▶ [Work instruction] Given the records below, the lines starting at the line with "Zeven dozen snoepgoed" and ending at the line with "A masked member" should be output exactly, both end lines kept and pictures left out.

▶ [Dataset]

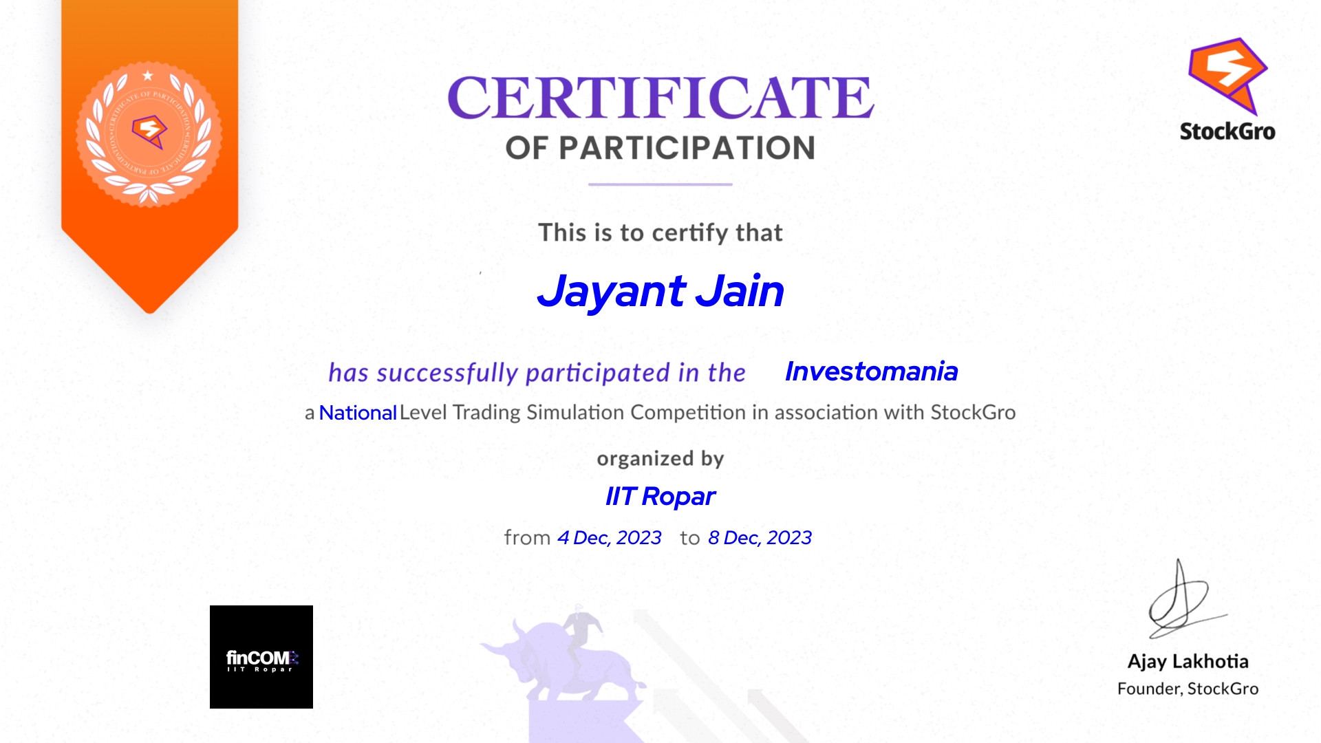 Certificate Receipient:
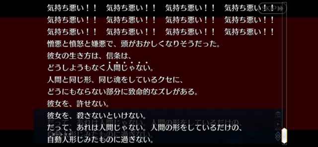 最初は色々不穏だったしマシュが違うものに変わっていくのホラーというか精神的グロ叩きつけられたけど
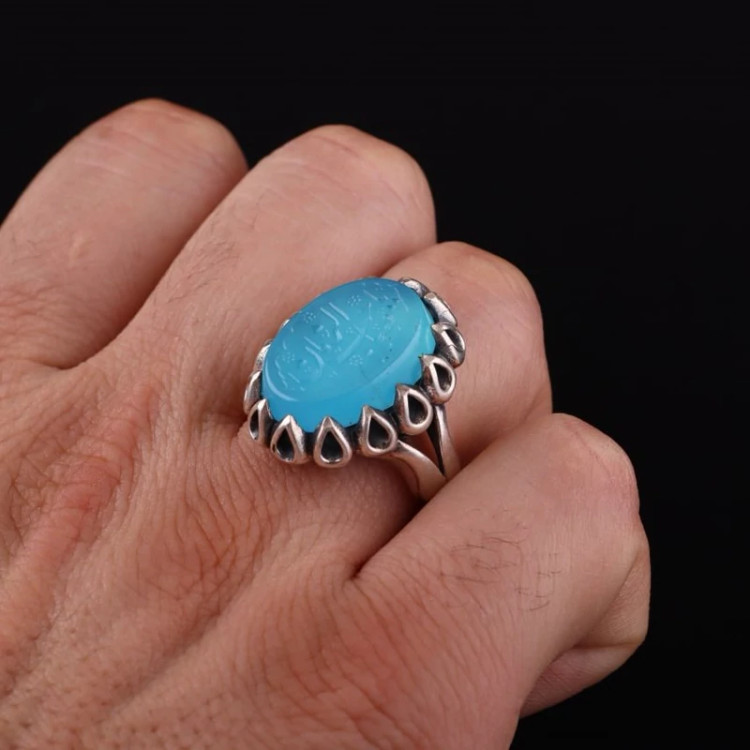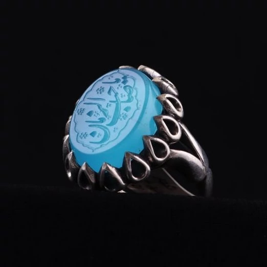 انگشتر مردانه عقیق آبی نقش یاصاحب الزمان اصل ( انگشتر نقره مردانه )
---
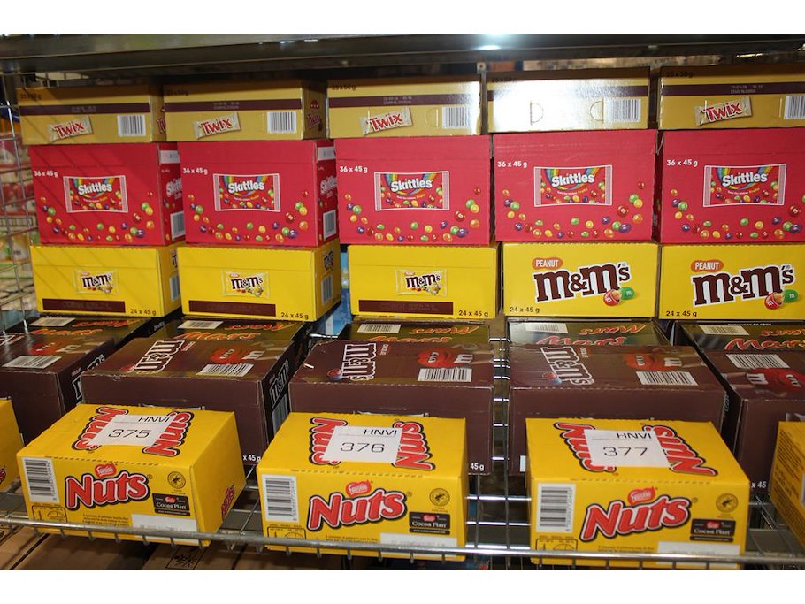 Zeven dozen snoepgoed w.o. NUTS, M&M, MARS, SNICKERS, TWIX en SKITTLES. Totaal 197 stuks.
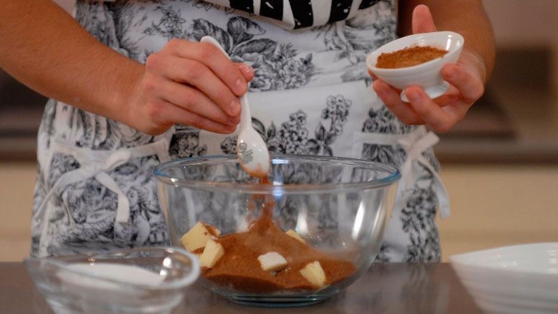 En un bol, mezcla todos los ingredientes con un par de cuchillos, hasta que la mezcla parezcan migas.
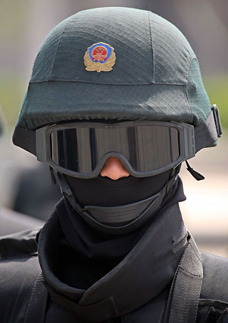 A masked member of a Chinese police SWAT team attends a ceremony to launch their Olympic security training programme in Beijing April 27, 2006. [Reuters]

▶ [Completed exercise]
 Zeven dozen snoepgoed w.o. NUTS, M&M, MARS, SNICKERS, TWIX en SKITTLES. Totaal 197 stuks.
 En un bol, mezcla todos los ingredientes con un par de cuchillos, hasta que la mezcla parezcan migas.
 A masked member of a Chinese police SWAT team attends a ceremony to launch their Olympic security training programme in Beijing April 27, 2006. [Reuters]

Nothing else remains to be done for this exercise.